TO DO ▸ Exactly the lines below from the line with "3000K / 3500K (justerbar)" through the line with "Aucun problème, les" must make up the answer, both ends included and pictures left out.

[Stored records]

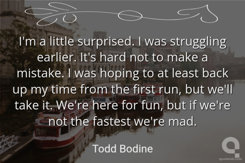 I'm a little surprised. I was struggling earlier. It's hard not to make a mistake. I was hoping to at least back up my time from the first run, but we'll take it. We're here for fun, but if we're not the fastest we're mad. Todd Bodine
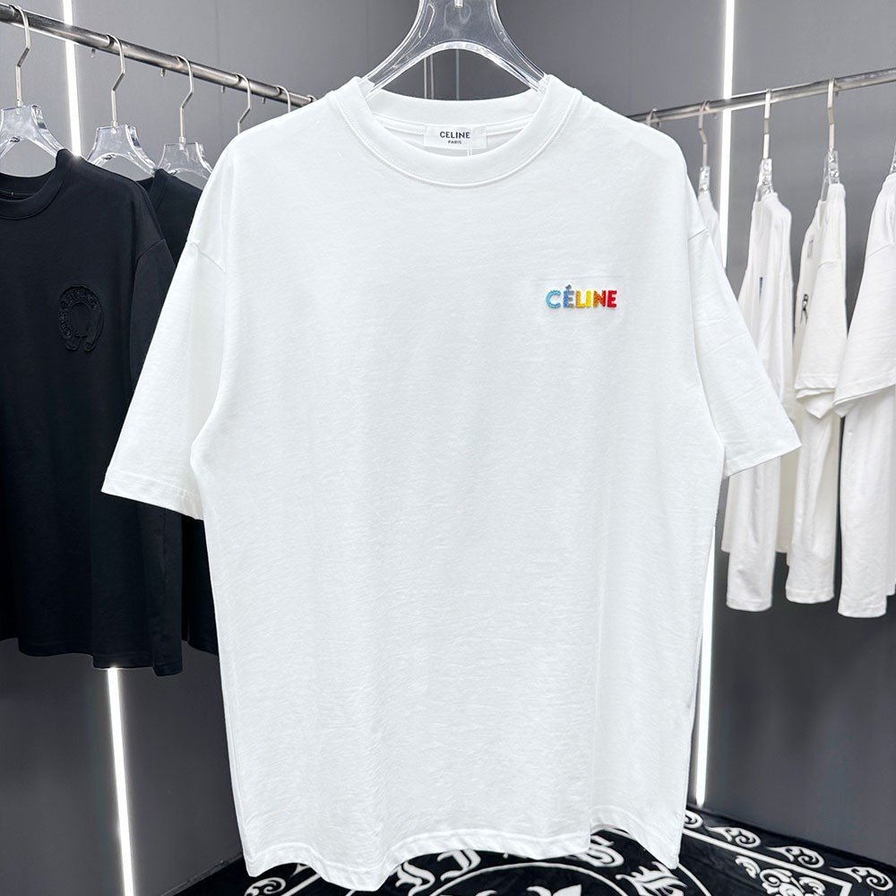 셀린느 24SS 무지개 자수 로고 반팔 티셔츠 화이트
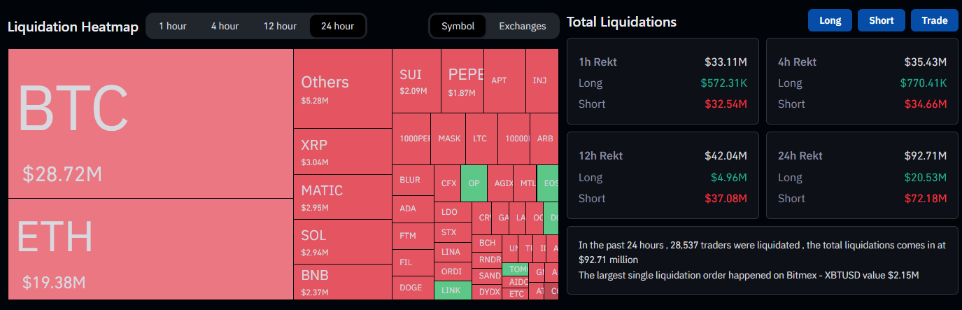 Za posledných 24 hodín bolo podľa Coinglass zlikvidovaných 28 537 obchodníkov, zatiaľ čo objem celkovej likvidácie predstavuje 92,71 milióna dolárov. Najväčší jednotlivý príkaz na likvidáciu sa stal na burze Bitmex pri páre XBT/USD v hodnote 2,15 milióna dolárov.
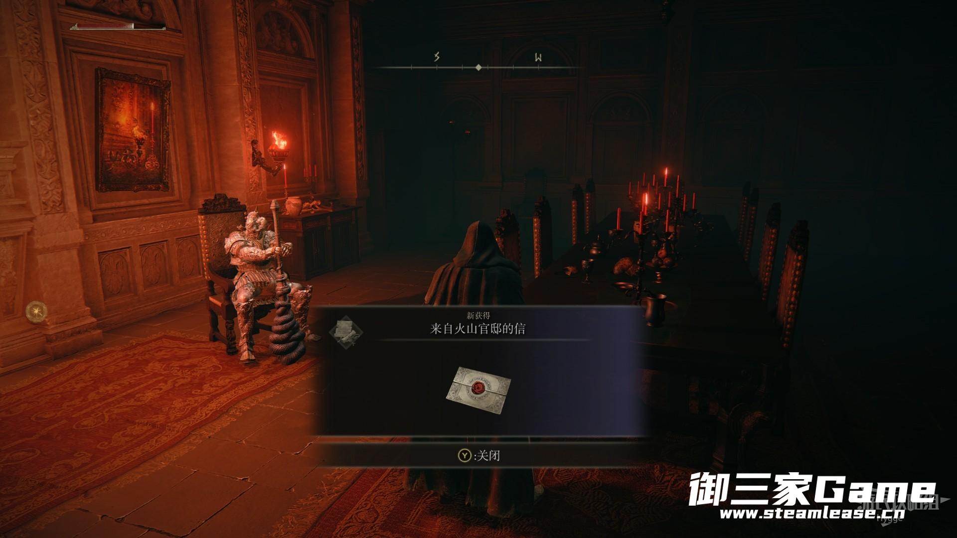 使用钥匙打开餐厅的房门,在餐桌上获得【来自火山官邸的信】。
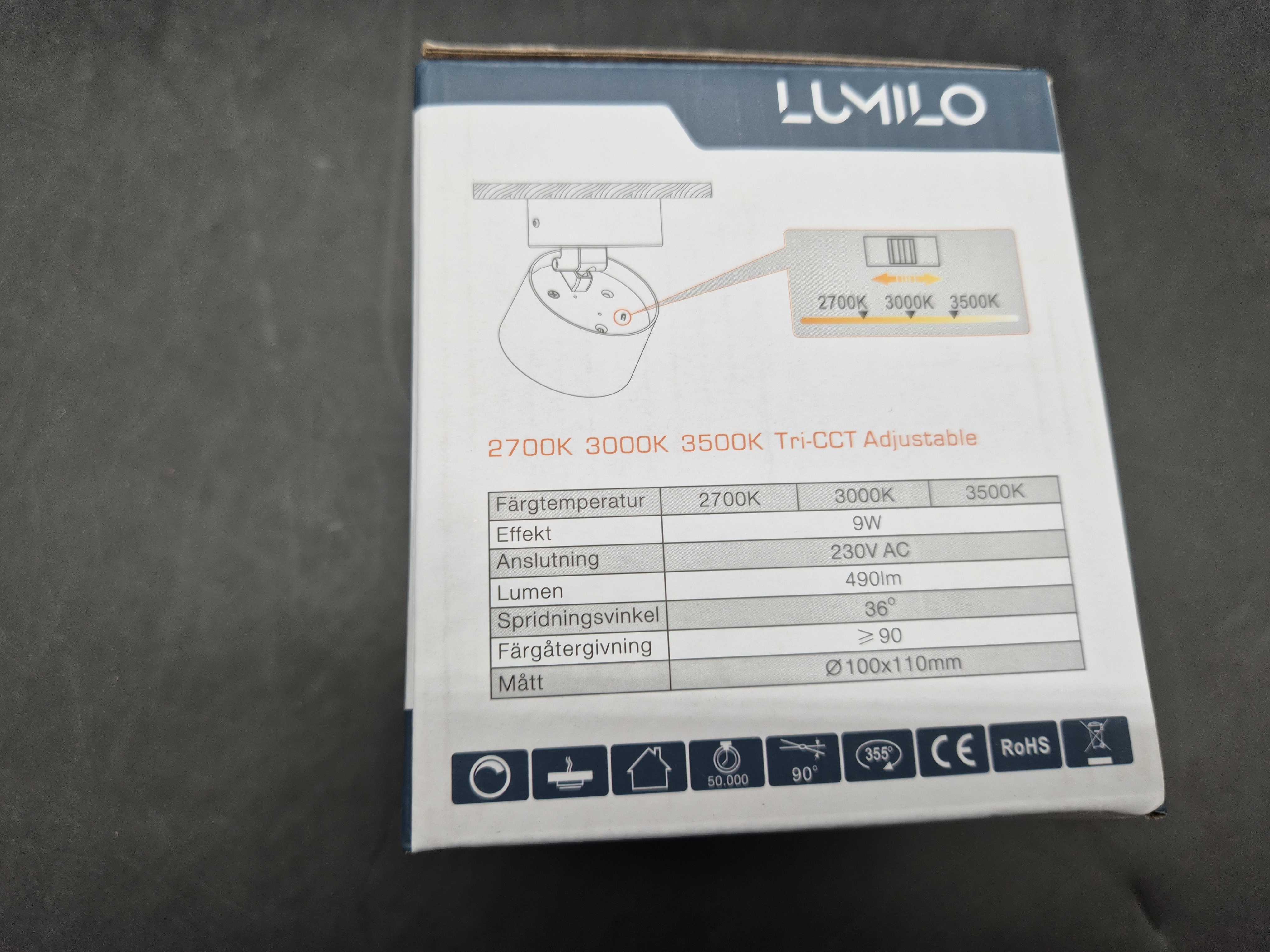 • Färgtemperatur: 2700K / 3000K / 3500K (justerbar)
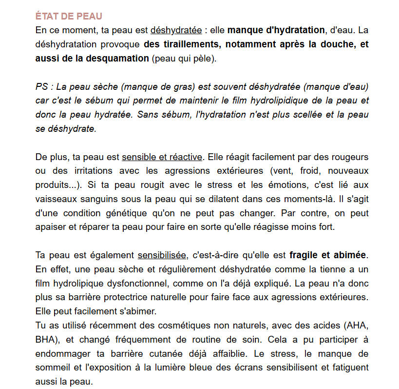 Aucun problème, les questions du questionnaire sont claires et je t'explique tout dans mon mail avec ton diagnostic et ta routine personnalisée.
...
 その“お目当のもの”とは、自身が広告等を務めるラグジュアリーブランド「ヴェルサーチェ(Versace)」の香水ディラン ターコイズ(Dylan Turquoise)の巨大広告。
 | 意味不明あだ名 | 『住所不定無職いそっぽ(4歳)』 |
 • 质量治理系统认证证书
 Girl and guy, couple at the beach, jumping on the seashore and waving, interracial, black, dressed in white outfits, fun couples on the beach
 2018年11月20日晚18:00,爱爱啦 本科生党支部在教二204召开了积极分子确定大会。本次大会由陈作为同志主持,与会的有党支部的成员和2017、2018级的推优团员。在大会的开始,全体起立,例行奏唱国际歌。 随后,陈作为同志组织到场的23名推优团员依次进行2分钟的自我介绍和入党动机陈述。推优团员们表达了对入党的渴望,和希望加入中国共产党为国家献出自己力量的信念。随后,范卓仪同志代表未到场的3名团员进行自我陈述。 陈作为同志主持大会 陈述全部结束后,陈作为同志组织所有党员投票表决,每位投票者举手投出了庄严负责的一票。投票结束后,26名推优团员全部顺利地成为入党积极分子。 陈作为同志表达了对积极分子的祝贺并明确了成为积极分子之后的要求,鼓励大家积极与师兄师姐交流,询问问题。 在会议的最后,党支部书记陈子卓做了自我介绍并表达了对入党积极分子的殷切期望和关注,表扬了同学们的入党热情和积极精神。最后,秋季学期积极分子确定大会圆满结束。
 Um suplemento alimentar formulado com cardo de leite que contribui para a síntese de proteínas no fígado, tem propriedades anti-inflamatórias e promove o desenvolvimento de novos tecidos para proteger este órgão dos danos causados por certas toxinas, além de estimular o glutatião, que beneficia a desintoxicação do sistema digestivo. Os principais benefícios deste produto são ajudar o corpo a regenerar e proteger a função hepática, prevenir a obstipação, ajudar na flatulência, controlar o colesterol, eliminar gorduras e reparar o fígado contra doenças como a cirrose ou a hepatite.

OUTPUT BELOW ▸
 • Färgtemperatur: 2700K / 3000K / 3500K (justerbar)
 Aucun problème, les questions du questionnaire sont claires et je t'explique tout dans mon mail avec ton diagnostic et ta routine personnalisée.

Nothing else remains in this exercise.